A rich and original answer to this art-historical challenge came in the spring and summer of 2017 from Simon Kelly (St. Louis) and Esther Bell (San Francisco), who curated a major international loan exhibition that was at once visually stunning and historically provocative, as it gathered not only compelling and important examples of art by Degas and his contemporaries, but posed questions new to Degas scholarship about the social, economic, and gendered worlds of the late-nineteenth-century millinery industry in Paris. In some senses, this is a topic that has been waiting to be explored by museums, and it is not just an overlooked minor subtheme.
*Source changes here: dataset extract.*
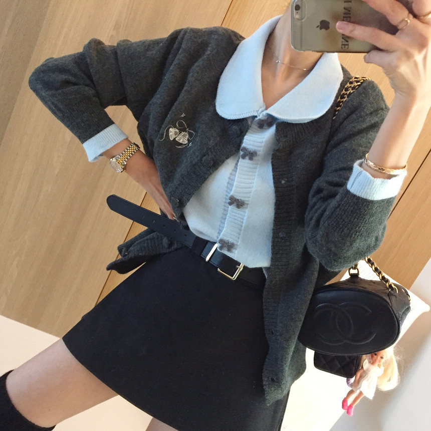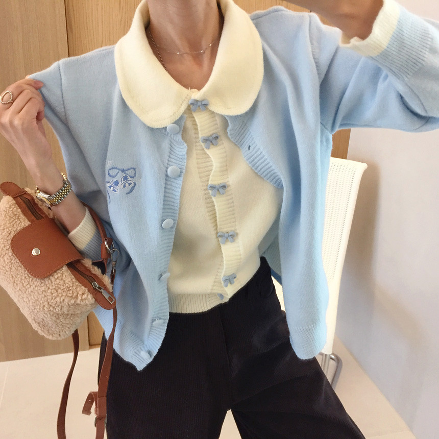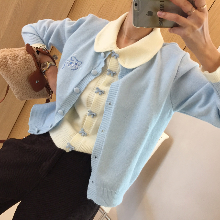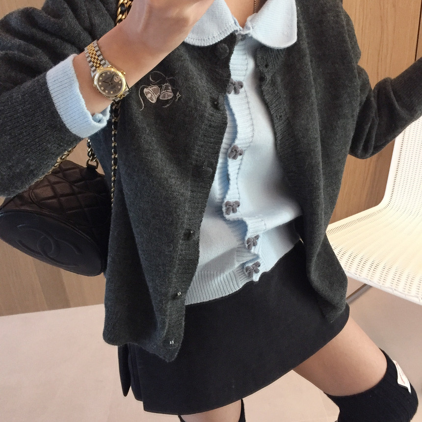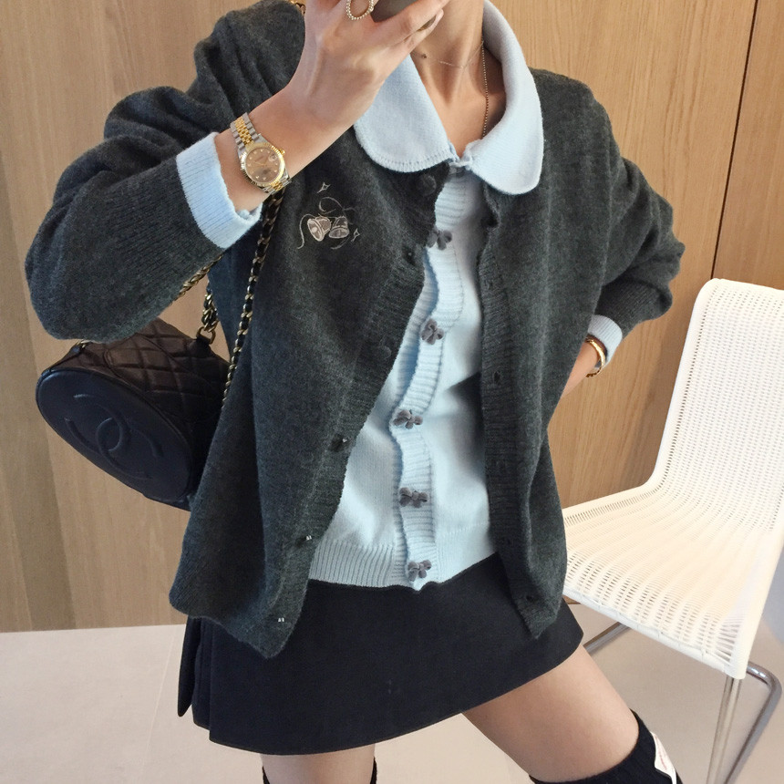 이중 배색 레이어드 니트가디건 소개해드릴께요^^

Some of the most arresting painted works in Degas’s oeuvre (such as the Getty’s The Milliners, or the Saint Louis Art Museum’s own The Milliners) engage the social meaning of fashion that skilled women workers created for a discerning clientele, for whom hats served not just as head cover or as protection of feminine modesty, but as tools for social identity and self-expression on the streets of a modern Paris. Ever since Impressionist scholar Ruth Iskin brought the topic of Degas and millinery under close scrutiny in her landmark study of the era’s consumer culture (Modern Women and Parisian Consumer Culture in Impressionist Painting, 2007, chapter 3), this topic has been begging for an ambitious exhibition of first-rate works, including the luminescent but ever-more-difficult to borrow pastels by this master of the medium. The Saint Louis Art Museum and the Fine Arts Museum of San Francisco have addressed this lacuna in admirable depth, and with curatorial inventiveness.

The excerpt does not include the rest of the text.